Wigs have come a LONG way since the 70’s, haven’t they?!


My first wig experience lasted all of 1 day! I was 9 years old when my mother bought me my a wig from K-Mart. I’d wanted one so bad because I thought it would be the answer to my prayers.


I was positive as soon as I returned to school sporting my new do, there’d be no more teasing from kids in my 4th grade class anymore!


Kids don’t care or even understand that my baldness was a result of the intense chemotherapy I’d been receiving for over a year due to Leukemia. I was out for recess that first day I returned to school when two boys decided to snatch it from my head and play monkey in the middle with it.While listening to the laughs from all the kids on the playground, I desperately tried to get it back.It was only after a teacher stopped the game that it was returned to me but by that time, I’d already run inside, curled up into a ball sobbing in the coat room.


It will forever go down as one of the worst days of my life and still brings me tears even 40 something years later. Back then, it felt harder to survive that day than it was to survive the cancer. It forever changed the me I’d been before.

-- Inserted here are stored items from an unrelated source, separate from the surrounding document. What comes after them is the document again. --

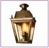
(425F) - Page 32
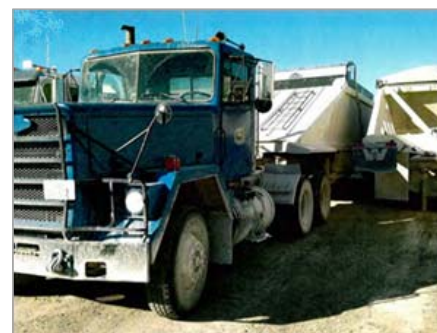
AMC General Truck used to pull belly dump trailer
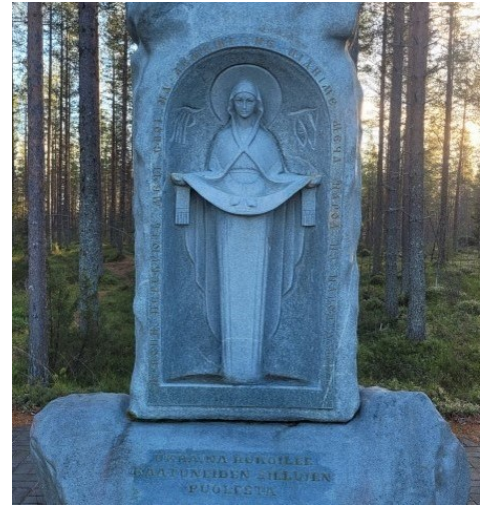
Russian 44 th Division Memorial
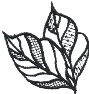
80031-06 Leaves 1.72 X 1.83 in. 43.69 X 46.48 mm 3,833 St.
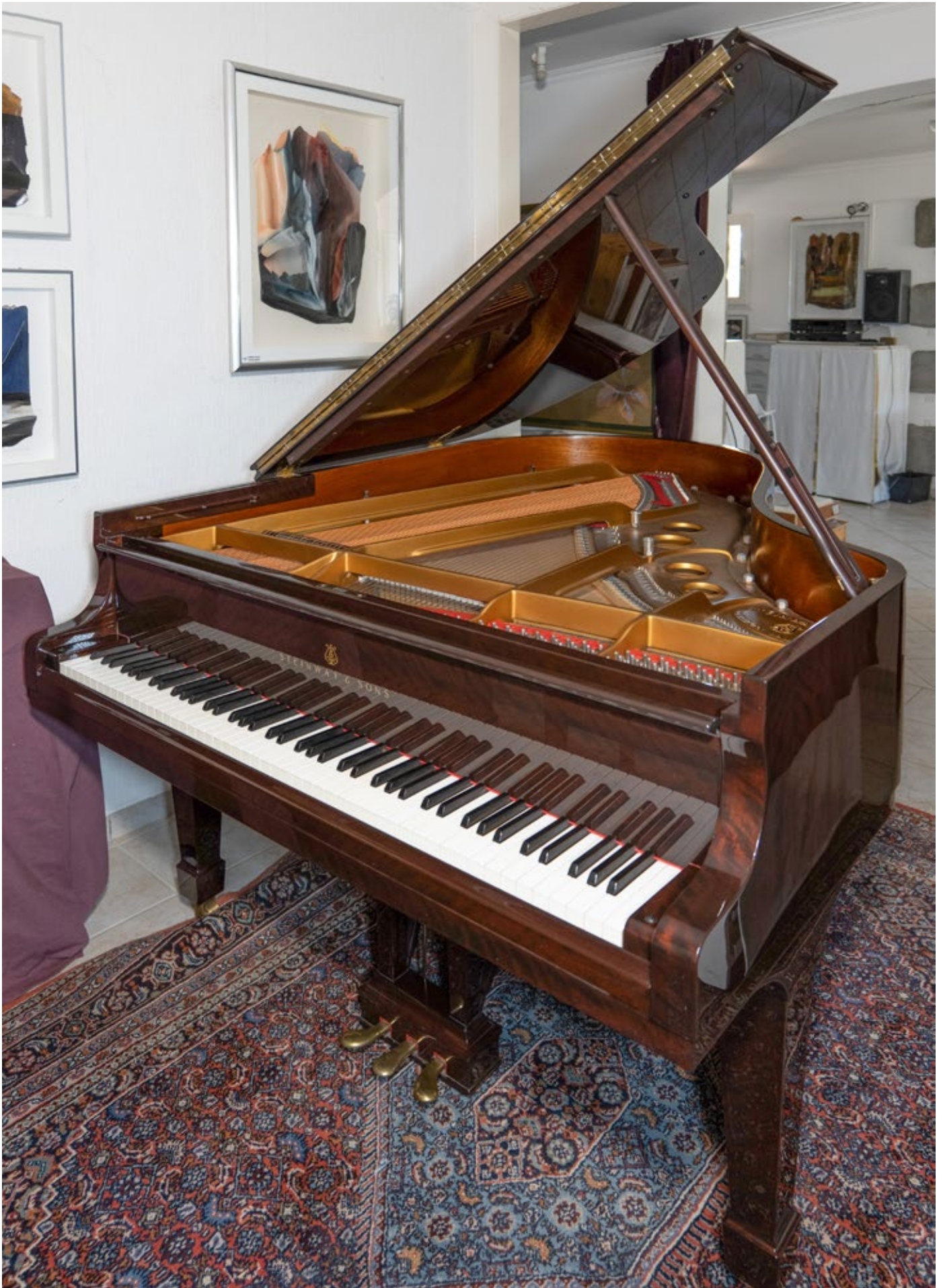
Steinway & Sons Model O-180 Hamburg-built grand piano, in exceptional condition, prepared for long-term private use

When my hair returned it was no longer blonde, no longer thick and pretty like it has been but I was grateful for its return. I’m grateful to have hair but I’m not particularly fond of it. It’s fine, thin and has always been a source of insecurity.


I have recently discovered and fell in love with wigs! I’m lucky enough that for me, it’s just for fun but so many women suffer from thinning hair or complete hair loss due to myriad of diseases including cancer and Alopeccia.


We women all face insecurities in one form or another.


Whether out out of necessity or fashion, the wearing of alternative hair is becoming more and more normalized and I am here for all of it!

1 Comment


wilsonptw
Jul 14, 2021

As your mother, remembering this heart-rending moment in your young life, I'm back there with you again, as if it had happened just yesterday. I'd like to be able to say that I felt that day "that kids were just being kids," but that was not at all how your Dad and I were feeling. We were pissed! You were already, as a young child, experiencing the pain and sickness of your disease, and the pain and sickness of its hopeful cure. Your Dad and I, and your two brothers, were so very afraid that we'd lose you and the idea of you having to suffer this indignity in front of your school mates was almost more than we coul…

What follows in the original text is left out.